→ Task statement: Could you copy the records below exactly, leaving out any pictures?

→ Material supplied:
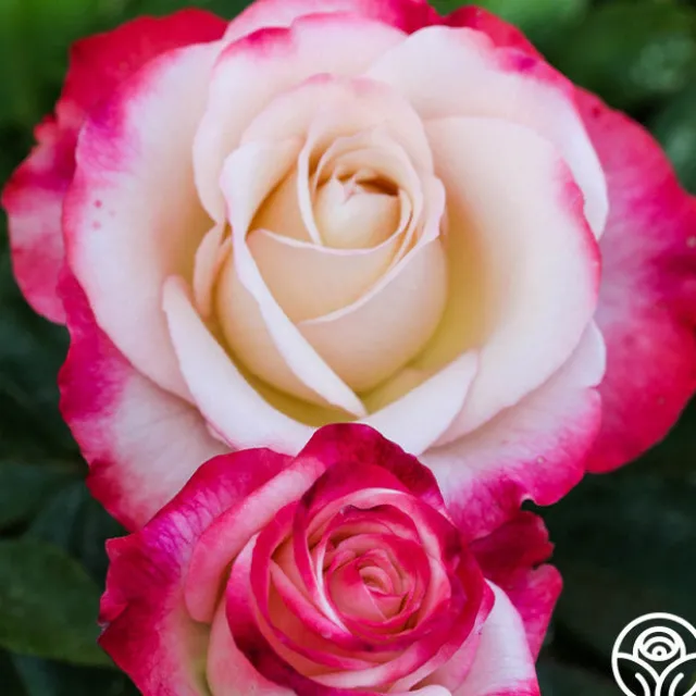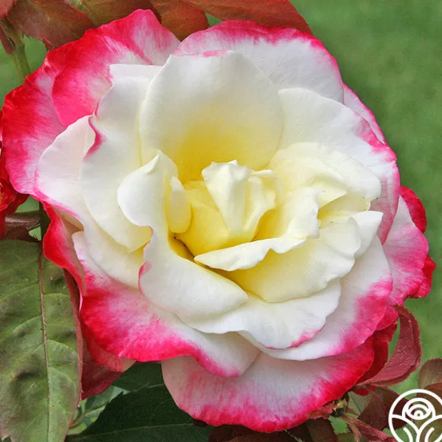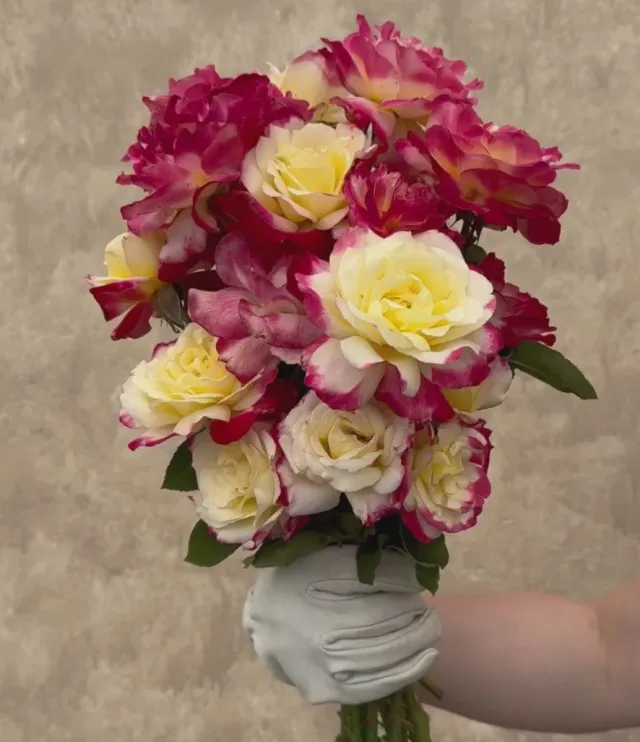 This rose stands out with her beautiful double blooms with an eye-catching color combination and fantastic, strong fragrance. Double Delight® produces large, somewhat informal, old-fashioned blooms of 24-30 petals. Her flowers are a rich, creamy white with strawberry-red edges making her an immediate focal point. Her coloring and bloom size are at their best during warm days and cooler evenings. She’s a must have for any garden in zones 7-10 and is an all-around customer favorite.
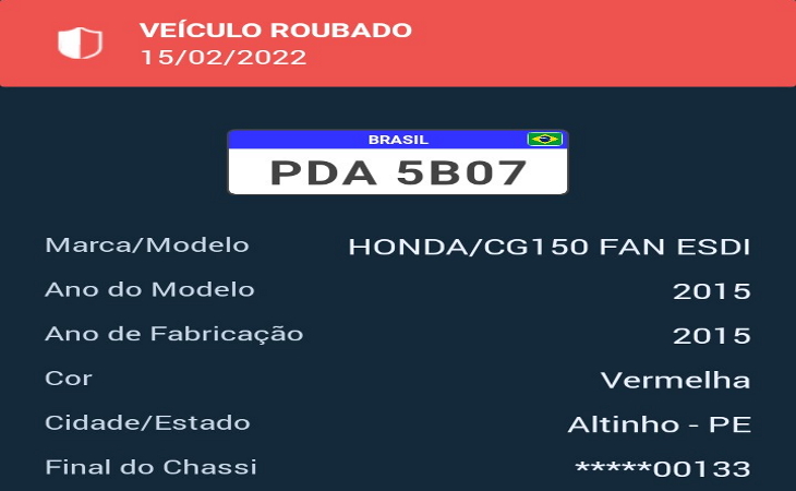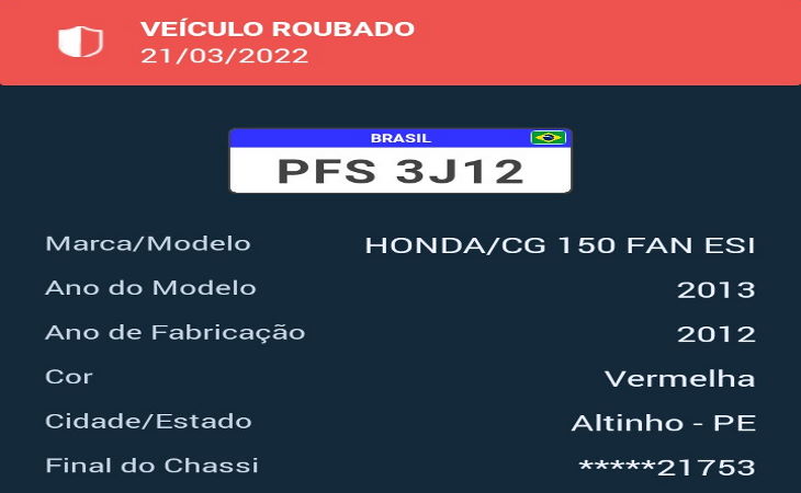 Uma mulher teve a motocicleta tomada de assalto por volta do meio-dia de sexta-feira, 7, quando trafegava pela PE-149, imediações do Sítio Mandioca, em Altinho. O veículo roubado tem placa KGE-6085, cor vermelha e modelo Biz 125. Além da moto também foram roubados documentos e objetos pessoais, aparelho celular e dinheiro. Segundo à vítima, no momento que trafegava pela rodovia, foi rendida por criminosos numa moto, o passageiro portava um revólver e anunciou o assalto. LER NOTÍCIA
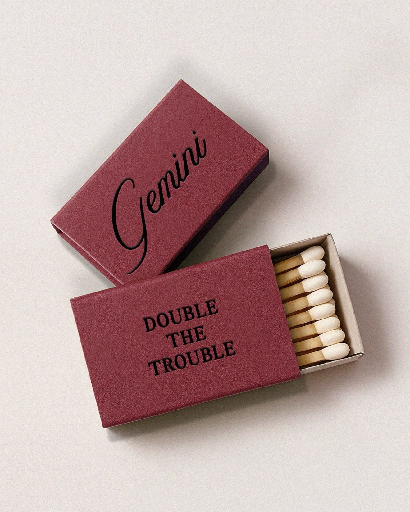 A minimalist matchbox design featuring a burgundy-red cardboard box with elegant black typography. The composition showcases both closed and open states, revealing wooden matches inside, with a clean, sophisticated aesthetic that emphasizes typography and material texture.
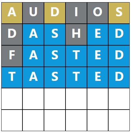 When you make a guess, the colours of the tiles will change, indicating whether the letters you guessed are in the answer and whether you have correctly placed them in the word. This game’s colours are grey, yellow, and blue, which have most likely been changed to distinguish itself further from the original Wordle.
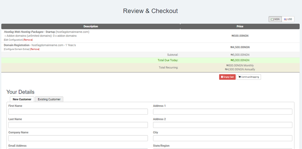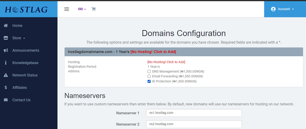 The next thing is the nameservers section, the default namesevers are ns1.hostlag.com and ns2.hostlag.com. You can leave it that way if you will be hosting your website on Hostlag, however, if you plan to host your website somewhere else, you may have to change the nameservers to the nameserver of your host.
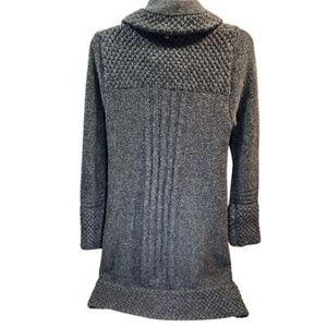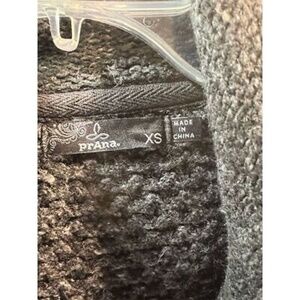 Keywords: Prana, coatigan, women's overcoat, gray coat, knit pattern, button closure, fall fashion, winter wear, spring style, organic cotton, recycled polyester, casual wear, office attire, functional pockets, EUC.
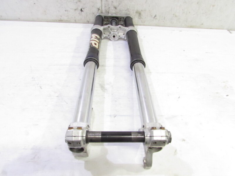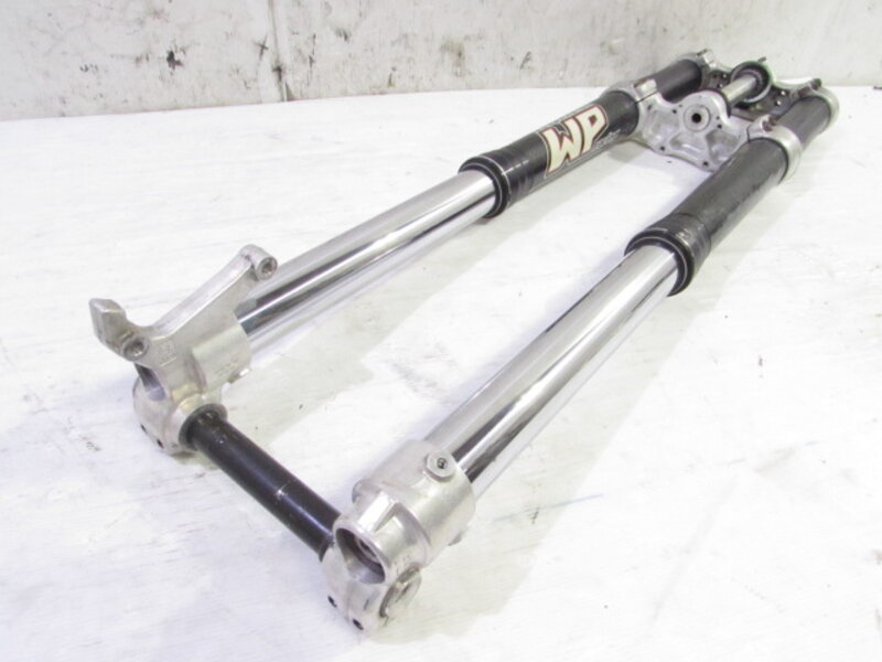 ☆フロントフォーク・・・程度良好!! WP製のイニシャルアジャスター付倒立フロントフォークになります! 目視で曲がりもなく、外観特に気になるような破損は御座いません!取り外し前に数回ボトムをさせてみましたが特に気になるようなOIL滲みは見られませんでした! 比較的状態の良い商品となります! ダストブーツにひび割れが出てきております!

→ Solution below:
 This rose stands out with her beautiful double blooms with an eye-catching color combination and fantastic, strong fragrance. Double Delight® produces large, somewhat informal, old-fashioned blooms of 24-30 petals. Her flowers are a rich, creamy white with strawberry-red edges making her an immediate focal point. Her coloring and bloom size are at their best during warm days and cooler evenings. She’s a must have for any garden in zones 7-10 and is an all-around customer favorite.
 Uma mulher teve a motocicleta tomada de assalto por volta do meio-dia de sexta-feira, 7, quando trafegava pela PE-149, imediações do Sítio Mandioca, em Altinho. O veículo roubado tem placa KGE-6085, cor vermelha e modelo Biz 125. Além da moto também foram roubados documentos e objetos pessoais, aparelho celular e dinheiro. Segundo à vítima, no momento que trafegava pela rodovia, foi rendida por criminosos numa moto, o passageiro portava um revólver e anunciou o assalto. LER NOTÍCIA
 A minimalist matchbox design featuring a burgundy-red cardboard box with elegant black typography. The composition showcases both closed and open states, revealing wooden matches inside, with a clean, sophisticated aesthetic that emphasizes typography and material texture.
 When you make a guess, the colours of the tiles will change, indicating whether the letters you guessed are in the answer and whether you have correctly placed them in the word. This game’s colours are grey, yellow, and blue, which have most likely been changed to distinguish itself further from the original Wordle.
 The next thing is the nameservers section, the default namesevers are ns1.hostlag.com and ns2.hostlag.com. You can leave it that way if you will be hosting your website on Hostlag, however, if you plan to host your website somewhere else, you may have to change the nameservers to the nameserver of your host.
 Keywords: Prana, coatigan, women's overcoat, gray coat, knit pattern, button closure, fall fashion, winter wear, spring style, organic cotton, recycled polyester, casual wear, office attire, functional pockets, EUC.
 ☆フロントフォーク・・・程度良好!! WP製のイニシャルアジャスター付倒立フロントフォークになります! 目視で曲がりもなく、外観特に気になるような破損は御座いません!取り外し前に数回ボトムをさせてみましたが特に気になるようなOIL滲みは見られませんでした! 比較的状態の良い商品となります! ダストブーツにひび割れが出てきております!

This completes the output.